Bug #25613 Replication is interrupted if one data node (R=2) was stopped on slave cluster
Submitted: 14 Jan 2007 14:35 Modified: 26 Feb 2007 17:08
Reporter: Serge Kozlov Email Updates:
Status: Not a Bug Impact on me:
None 
Category:MySQL Cluster: Replication Severity:S2 (Serious)
Version:5.1.15-bk OS:Linux (Linux FC4)
Assigned to: Serge Kozlov CPU Architecture:Any

[14 Jan 2007 14:35] Serge Kozlov
Description:
Slave cluster has two data nodes and two replicas (one node = one replica). One data node was stopped before starting of replication, but cluster can work properly (because of it has two replicas). Then replication started on slave and external script create a few ndb_dd tables and insert millions of rows.

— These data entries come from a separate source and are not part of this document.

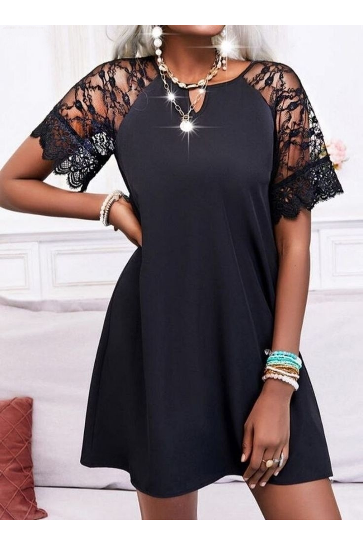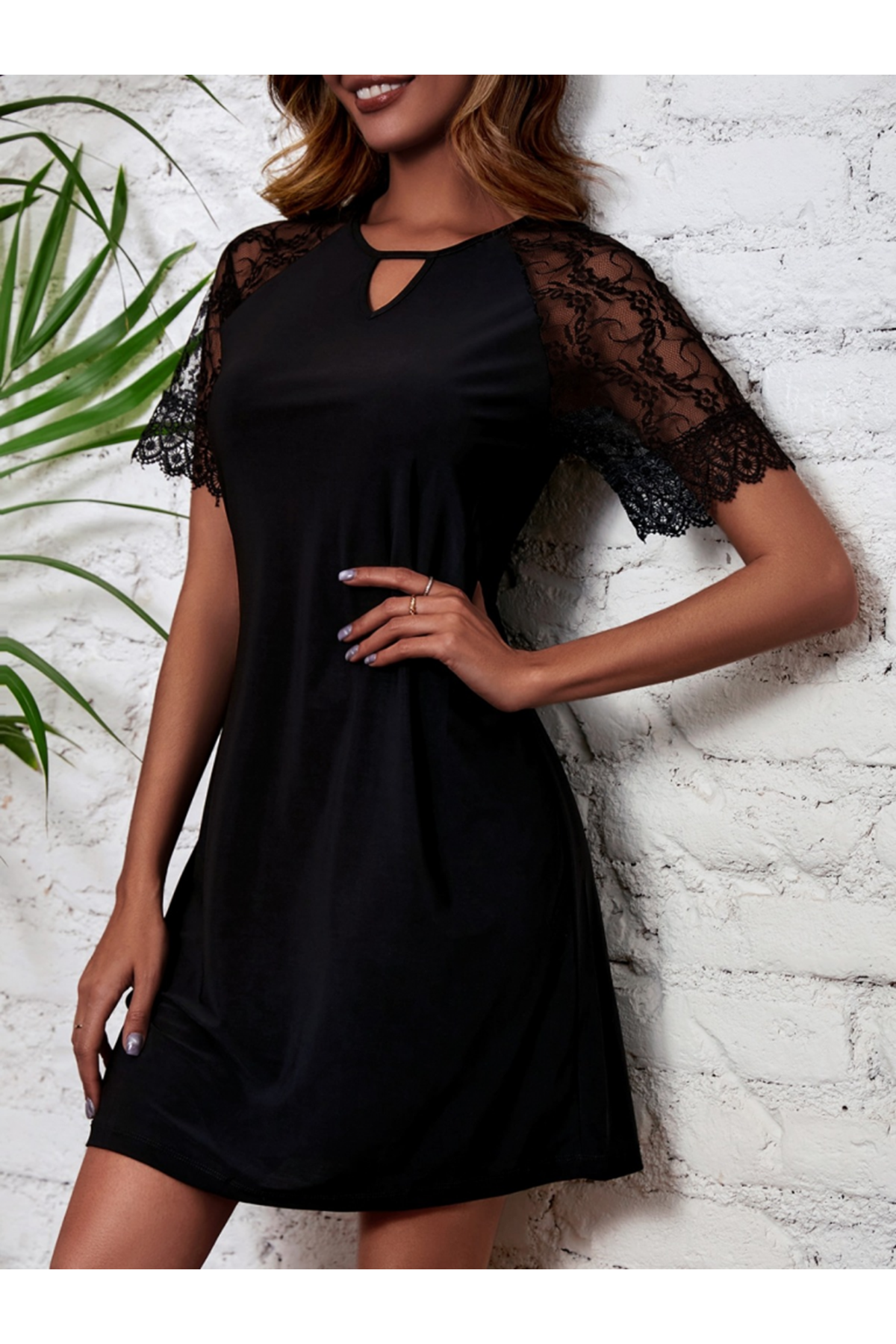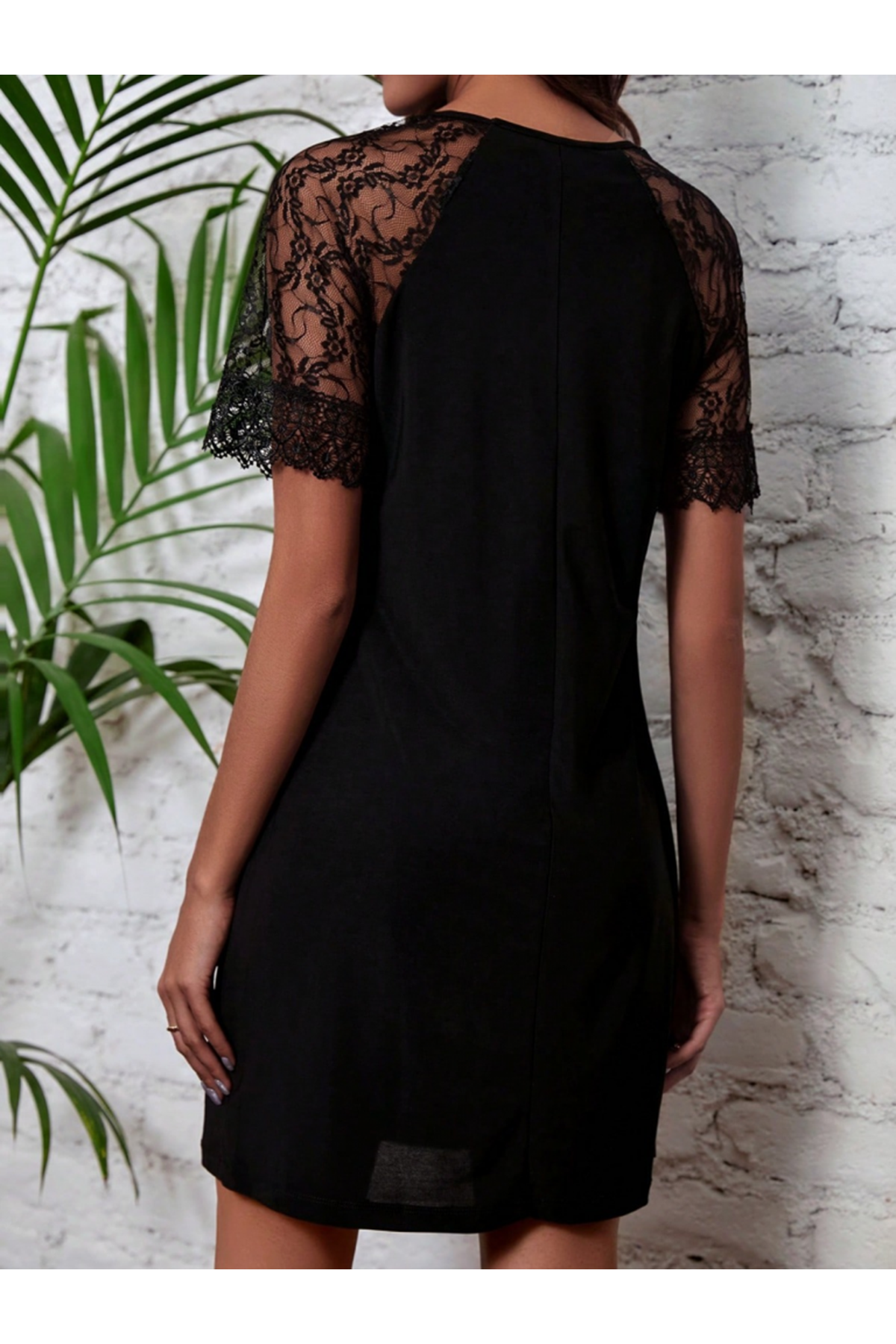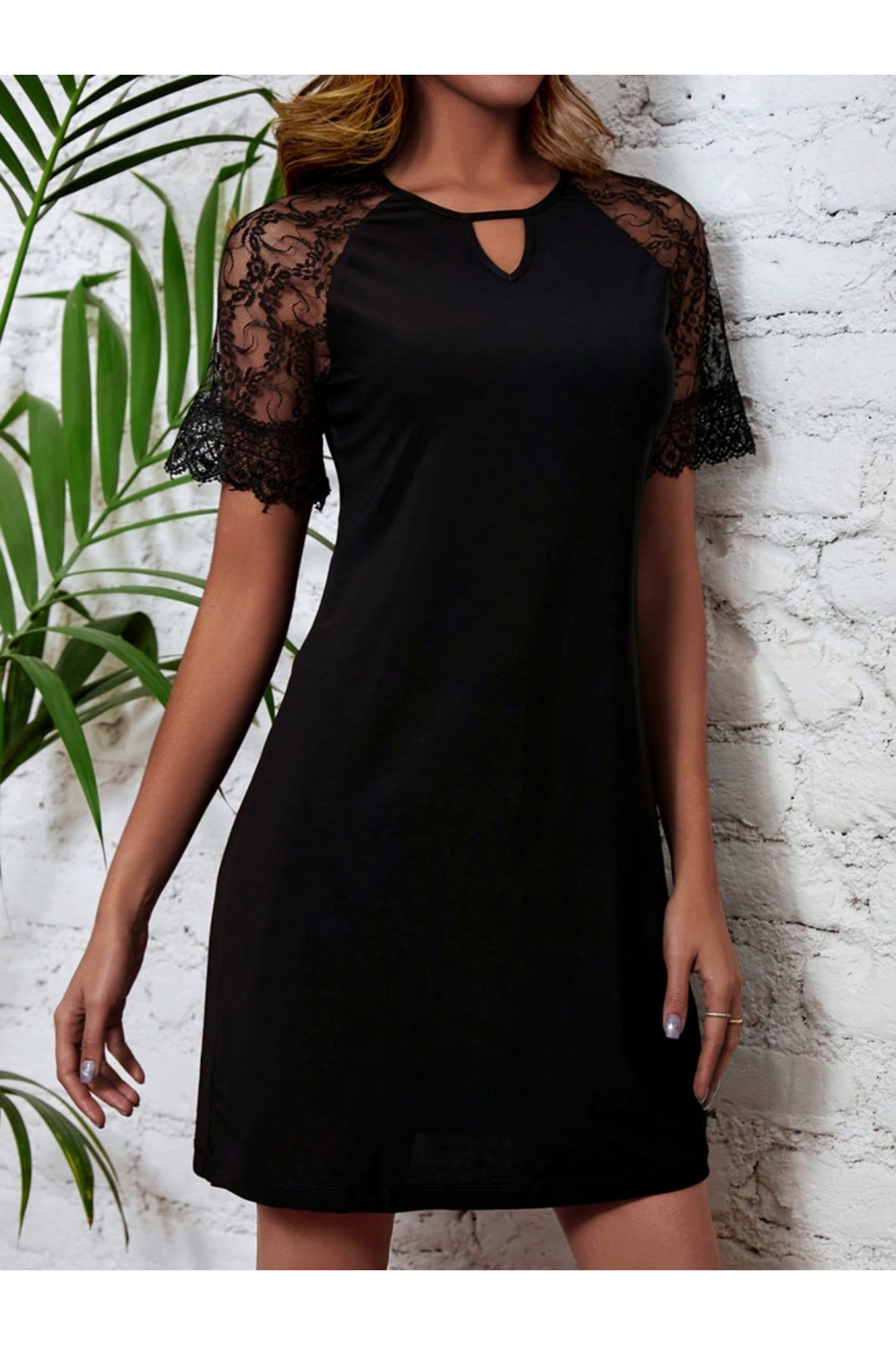 Kadın Dantelli Kısa Kollu Damla Yaka Krep Elbise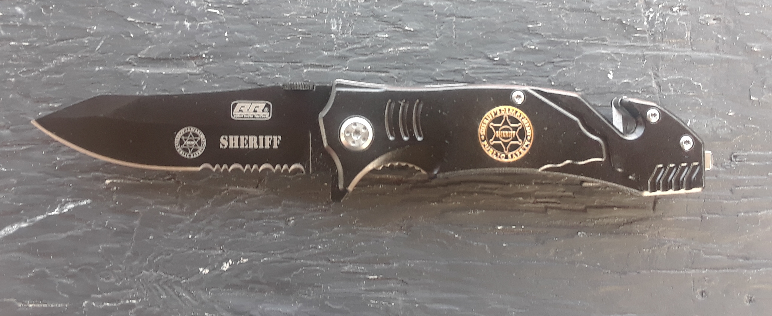 Sheriff Pocket Knife equipped with a glass breaker, and seat belt line cutter looking to represent, and show your support for our Law Enforcement! We include free shipping, and we currently only ship in the U.S.A!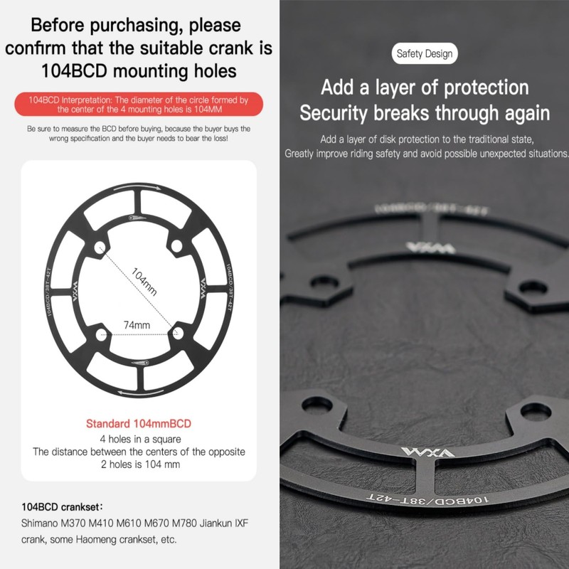 • 1. 🛡 UNIVERSALKOMPATIBILITÄT FÜR 104BCD-SYSTEME - Passend für 32-42T Kettenblätter (2 Varianten: 32-36T / 38-42T), Kompatibel mit: Shimano: M370/M410/M610/M670/M780/XTR, SRAM & Haomeng Kurbelgarnituren, Einheitsgröße: Ein Modell für alle 104BCD-Systeme

Sometimes during of replication the following errors appear on slave:

070114 15:03:50 [Note] Slave SQL thread initialized, starting replication in log
 'FIRST' at position 0, relay log './ndb17-relay-bin.000001' position: 4
070114 15:03:50 [Note] Slave I/O thread: connected to master 'repl@ndb16:3306',r
eplication started in log 'FIRST' at position 4
070114 15:11:05 [ERROR] Slave: Error in Write_rows event: error during transacti
on execution on table test.t2, Error_code: 410
070114 15:11:05 [ERROR] Slave: Error in Write_rows event: error during transacti
on execution on table test.t2, Error_code: 410
070114 15:11:06 [ERROR] Slave: Error in Write_rows event: error during transacti
on execution on table test.t2, Error_code: 410
070114 15:11:08 [ERROR] Slave: Error in Write_rows event: error during transacti
on execution on table test.t2, Error_code: 410
070114 15:11:11 [ERROR] Slave: Error in Write_rows event: error during transacti
on execution on table test.t2, Error_code: 410
070114 15:11:15 [ERROR] Slave: Error in Write_rows event: error during transacti
on execution on table test.t2, Error_code: 410
070114 15:11:20 [ERROR] Slave: Error in Write_rows event: error during transacti
on execution on table test.t2, Error_code: 410
070114 15:11:25 [ERROR] Slave: Error in Write_rows event: error during transacti
on execution on table test.t2, Error_code: 410
070114 15:11:30 [ERROR] Slave: Error in Write_rows event: error during transacti
on execution on table test.t2, Error_code: 410
070114 15:11:35 [ERROR] Slave: Error in Write_rows event: error during transacti
on execution on table test.t2, Error_code: 410
070114 15:11:40 [ERROR] Slave: Error in Write_rows event: error during transacti
on execution on table test.t2, Error_code: 410
070114 15:11:40 [ERROR] Slave SQL thread retried transaction 10 time(s) in vain,
 giving up. Consider raising the value of the slave_transaction_retries variable
.
070114 15:11:40 [ERROR] Slave (additional info): Unknown error Error_code: 1105
070114 15:11:40 [Warning] Slave: Got temporary error 410 'REDO log files overloa
ded, consult online manual (decrease TimeBetweenLocalCheckpoints, and|or incre'
from NDB Error_code: 1297
070114 15:11:40 [Warning] Slave: Unknown error Error_code: 1105
070114 15:11:40 [ERROR] Error running query, slave SQL thread aborted. Fix the p
roblem, and restart the slave SQL thread with "SLAVE START". We stopped at log '
mysql-bin.000001' position 44071145

How to repeat:
1. Start master cluster.
2. Start slave cluster.
3. Stop one data node on slave.
4. Start replication.
5. Run external script from attached file:
./sqe.pl -q aa.txt -p=ndb16:3306:root::test
6. Observe the error log of mysqld server on slave.